On June 3rd 2014, the Banking, Housing and Urban Affairs Committee of the U.S. Senate took a step forward in the Terrorism Risk Insurance Program Reauthorization Act 2007 extension debate by reporting out legislation (S.2244) to extend the program for seven years. This bill will now go to the full Senate for consideration and a final vote.
The Committee on Financial Services of the House of Representatives has yet to release a formal draft of their legislatives changes, though sources widely anticipate this will be far more limiting than that proposed by the Senate. While the consensus is that some variation of the current legislation will be the basis of an extension going forward, certain key elements of the proposals have raised concerns – particularly those which have been suggested by the House Financial Services Committee staff in their briefing memorandum.
Key Issues Under Debate:
|House proposition||Senate proposition|
|Term of Extension||3 years||7 years|
|TRIPRA trigger||gradual increase by 2017 to $500 million for conventional terrorism; no change to $100 million nuclear, biological, chemical or radiological (NBCR) trigger||no changes|
|Federal government’s share of non-NBCR events||Reduce to 75% co-pay, down from the current 85% by 2017||Reduction to 80% by 2019.|
|Reduction to the annual program cap from $100b to $75b||$ 100b for NBCR; $75 billion for Conventional Terrorism events||No change|
|Insurance Industry post event recoupment||Increase to 150%||gradual revision of current cap from $27.5 billion to $37.5 billion|
Other provisions suggested by the House which are not expected to ultimately survive in the final draft include:
- A roll back in the definition of terrorist event to exclude acts of “domestic” terrorism
- A mandate for insurers to establish a Capital Reserve Fund to hold funds for future loss payments
- Voluntary opt-out from the program’s “make available” mandate for small insurance companies for which offering terrorism coverage would create “financial hardship”
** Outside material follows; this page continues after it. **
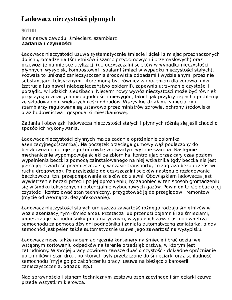 Ładowacz nieczystości płynnych 961101 Inna nazwa zawodu: śmieciarz, szambiarz Zadania i czynności Ładowacz nieczystości usuwa systematycznie śmiecie i ścieki z miejsc przeznaczonych do ich gromadzenia (śmietników i szamb przydomowych i przemysłowych) oraz przewozi je na miejsce utylizacji (do oczyszczalni ścieków w wypadku nieczystości płynnych, wysypisk, kompostowni i spalarni śmieci w wypadku nieczystości stałych). Pozwala to uniknąć zanieczyszczenia środowiska odpadami i wydzielanymi przez nie substancjami toksycznymi, które mogą być również zagrożeniem dla zdrowia ludzi (zatrucia lub nawet niebezpieczeństwo epidemii), zapewnia utrzymanie czystości i porządku w ludzkich siedzibach. Nieterminowy wywóz nieczystości może być również przyczyną rozmaitych niedogodności i niewygód, takich jak przykry zapach i problemy ze składowaniem większych ilości odpadów. Wszystkie działania śmieciarzy i szambiarzy regulowane są ustawowo przez ministrów zdrowia, ochrony środowiska oraz budownictwa i gospodarki mieszkaniowej. Zadania i obowiązki ładowacza nieczystości stałych i płynnych różnią się jeśli chodzi o sposób ich wykonywania. Ładowacz nieczystości płynnych ma za zadanie opróżnianie zbiornika asenizacyjnego(szamba). Na początek przeciąga gumowy wąż podłączony do beczkowozu i mocuje jego końcówkę w otwartym wylocie szamba. Następnie mechanicznie wypompowuje ścieki ze zbiornika, kontrolując przez cały czas poziom wypełnienia beczki z pomocą zainstalowanego na niej wskaźnika (gdy beczka nie jest pełna jej zawartość przemieszcza się w czasie transportu, co zagraża bezpieczeństwu ruchu drogowego). Po przyjeździe do oczyszczalni ścieków następuje rozładowanie beczkowozu, tzn. przepompowanie ścieków do zlewni. Obowiązkiem ładowacza jest wywietrzenie beczki przed i po jej opróżnieniu, by zapobiec w ten sposób gromadzeniu się w środku toksycznych i potencjalnie wybuchowych gazów. Powinien także dbać o jej czystość i kontrolować stan techniczny, przygotować ją do przeglądów i remontów (mycie od wewnątrz, dezynfekowanie). Ładowacz nieczystości stałych umieszcza zawartość różnego rodzaju śmietników w wozie asenizacyjnym (śmieciarce). Przetacza lub przenosi pojemniki ze śmieciami, umieszcza je na podnośniku pneumatycznym, wsypuje ich zawartości do wnętrza samochodu za pomocą dźwigni podnośnika i zgniata automatyczną zgniatarką, a gdy samochód jest pełen także automatycznie usuwa jego zawartość na wysypisku. Ładowacz może także napełniać ręcznie kontenery na śmiecie i brać udział we wstępnym sortowaniu odpadków na terenie przedsiębiorstwa, w którym jest zatrudniony. W swojej pracy powinien zawsze dbać o czystość - dokładne opróżnianie pojemników i stan dróg, po których były przetaczane do śmieciarki oraz schludność samochodu (myje go po zakończeniu pracy, usuwa na bieżąco z karoserii zanieczyszczenia, odpadki itp.) Nad sprawnością i stanem technicznym zestawu asenizacyjnego i śmieciarki czuwa przede wszystkim kierowca.

The current momentum bodes well for passage prior to the Fall, however the protracted delay and lack of clarity is negatively impacting the industry. The underwriting of terrorism risk remains challenging due to insurers inability to model the frequency and aggregate impact of an event on an insurers portfolio. Private market insurance, with limited availability in highly concentrated risk areas, remains insufficient to fill the demands of the current marketplace. More specifically, many Workers Compensation insurers, when faced with potential credit rating downgrades in the absence of a solution, have been forced to offer significantly reduced lines or withdraw from the market altogether.